The terms "comprising" and "having," and any variations thereof, in the description and claims of this application and the drawings described herein are intended to cover non-exclusive inclusions. For example, a process, method, system, article, or apparatus that comprises a list of steps or elements is not limited to only those steps or elements listed, but may alternatively include other steps or elements not listed, or inherent to such process, method, article, or apparatus.
First, a part of vocabulary and application scenarios related to the embodiments of the present application will be described.
Article (Article): the sub-character string is embedded in a static hypertext Markup Language (HTML) character string and takes < article > </article > as a mark.
Inline keyword (Tag): keywords embedded in articles and used for marking the articles belong to an article classification mode, and one article may contain one or more embedded keywords.
The next set of keyword sets refers to a set of other keywords that may be of interest to the user that are related to the current set of keywords.
Fig. 1 is a schematic diagram of a system architecture according to an embodiment of the present application. As shown in fig. 1, the system architecture of the embodiment of the present application may include, but is not limited to:electronic device 11 and server 12.
Theelectronic device 11 and the server 12 may be connected via a network.
The method provided by the embodiment of the application can be realized by an electronic device such as a processor executing corresponding software codes, and can also be realized by an electronic device performing data interaction with a controller while executing the corresponding software codes.
In the related art, associated articles are generally queried based on a set of keywords. However, with the development of the internet, more and more information is provided on the internet, and it takes a long time for a user to search for a related target article from a large amount of information, so that the data query efficiency is low.

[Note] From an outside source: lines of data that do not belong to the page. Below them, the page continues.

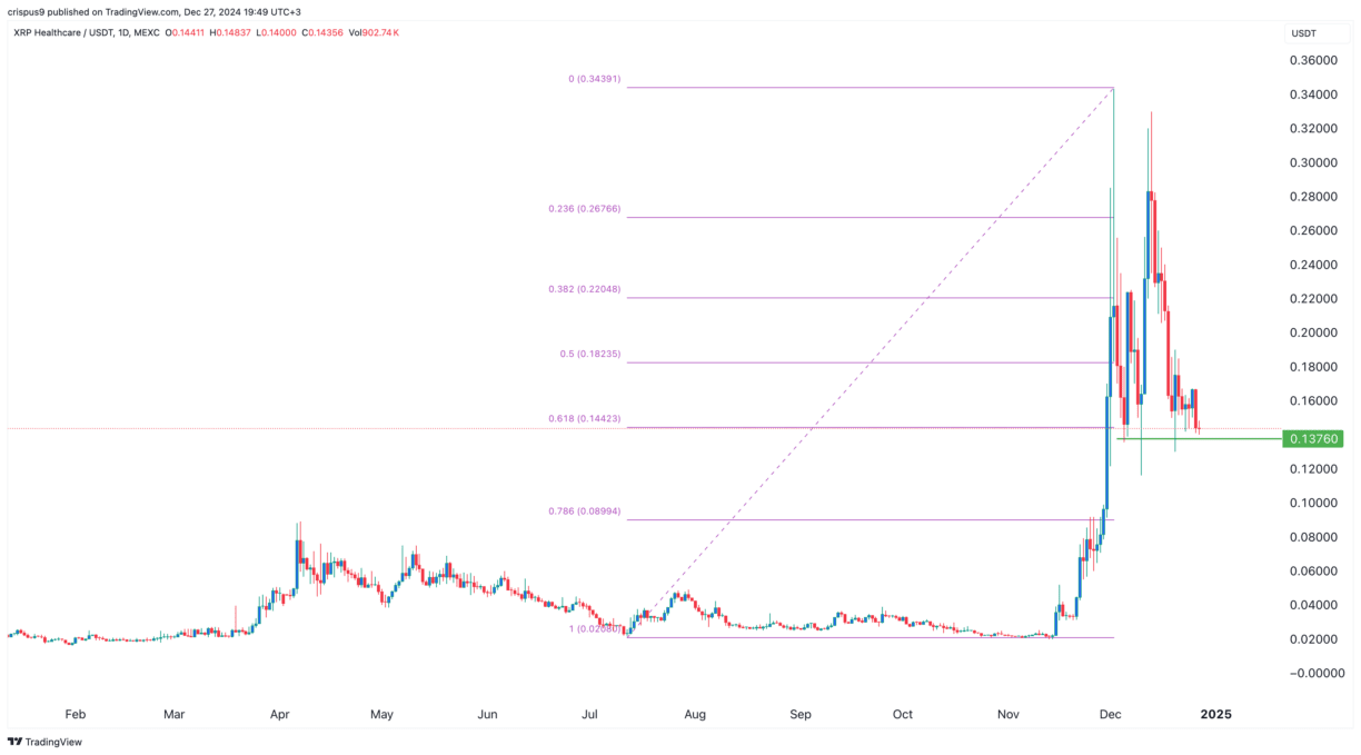 Il token XRPH veniva scambiato a $0.1435, in calo rispetto al massimo dell'anno di $0.3440. Questo ritiro è avvenuto a causa del continuo ritiro del prezzo di XRP. Pertanto, poiché fa parte del suo ecosistema, c'è la possibilità che rimbalzi quando Ripple recupera prima e dopo l'approvazione dell'ETF.
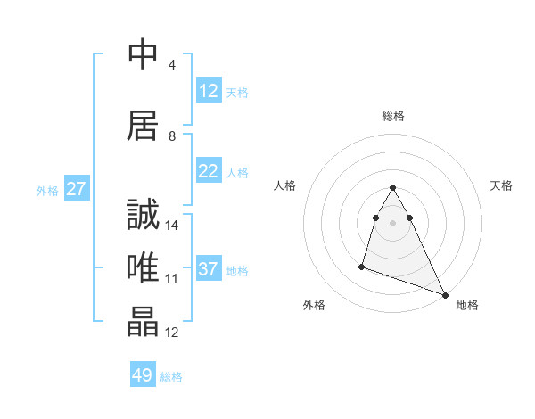 中居 誠唯晶さんの地格は37画の5点!
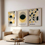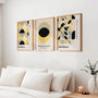 Plakaty Bauhaus – Zestaw 3 Sztuki „Dialog Form Weimar” do kolekcji inspirowanych idei wizualnych rozmów pomiędzy prostymi formami i kolorem – występującymi w społeczeństwie Bauhausu. Każdy plakat operuje innym zestawieniem kształtów, tworzącym, rytmem równoważnym.
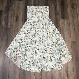 White House Black Market Geometric Strapless High Low Midi Dress Blue White 12
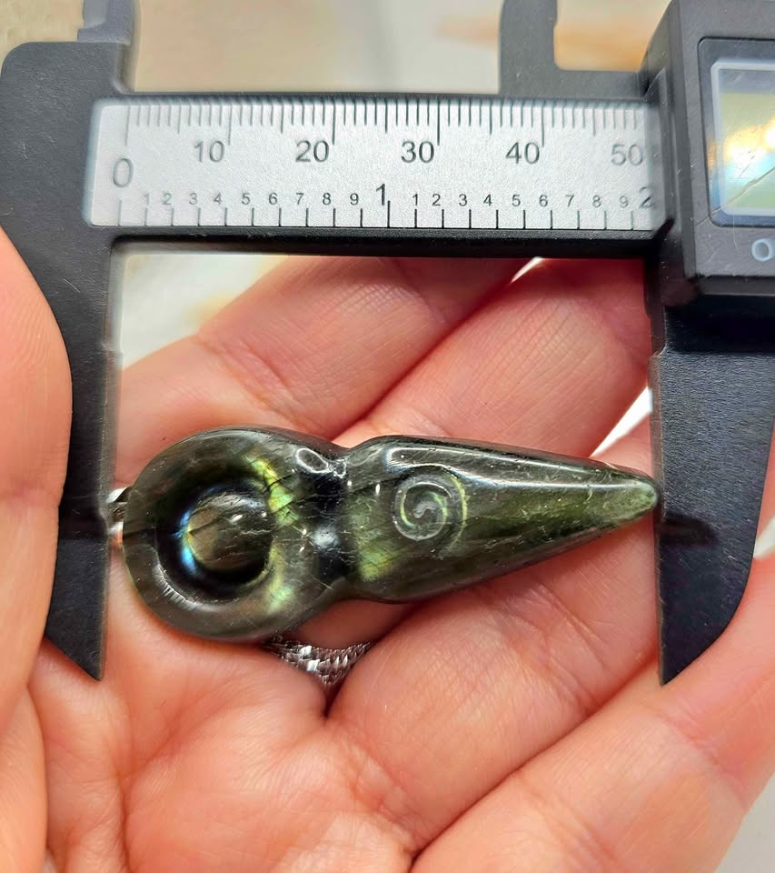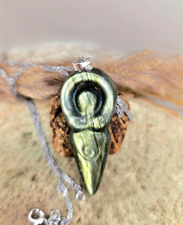 This pendant features a carving of spiral goddess, it is carved with nature labradorite with beautiful strong flash. Spiral Goddess represents the Divine Feminine, fertility, and the eternal cycle of life, death, and rebirth. You will see a female figure ,arms raised with a spiral located on her belly or womb.

In the query method of the embodiment of the application, at least one keyword input by a user is acquired, a next keyword set is found and returned according to a matching result of a character string of the input keyword, and then an associated article is found according to the next keyword set.
The technical idea of the method of the embodiment of the application is as follows: by storing the corresponding relationship between the first index information corresponding to the first keyword set and the second index information corresponding to the second keyword set in advance and the corresponding relationship between the index information corresponding to the keyword set and the index value of the query result, the time consumption during query is reduced, namely, the next group of keyword sets corresponding to the first keyword set, namely, the second keyword set and the target query result finally corresponding to the keyword sets can be quickly determined, and the query efficiency is improved.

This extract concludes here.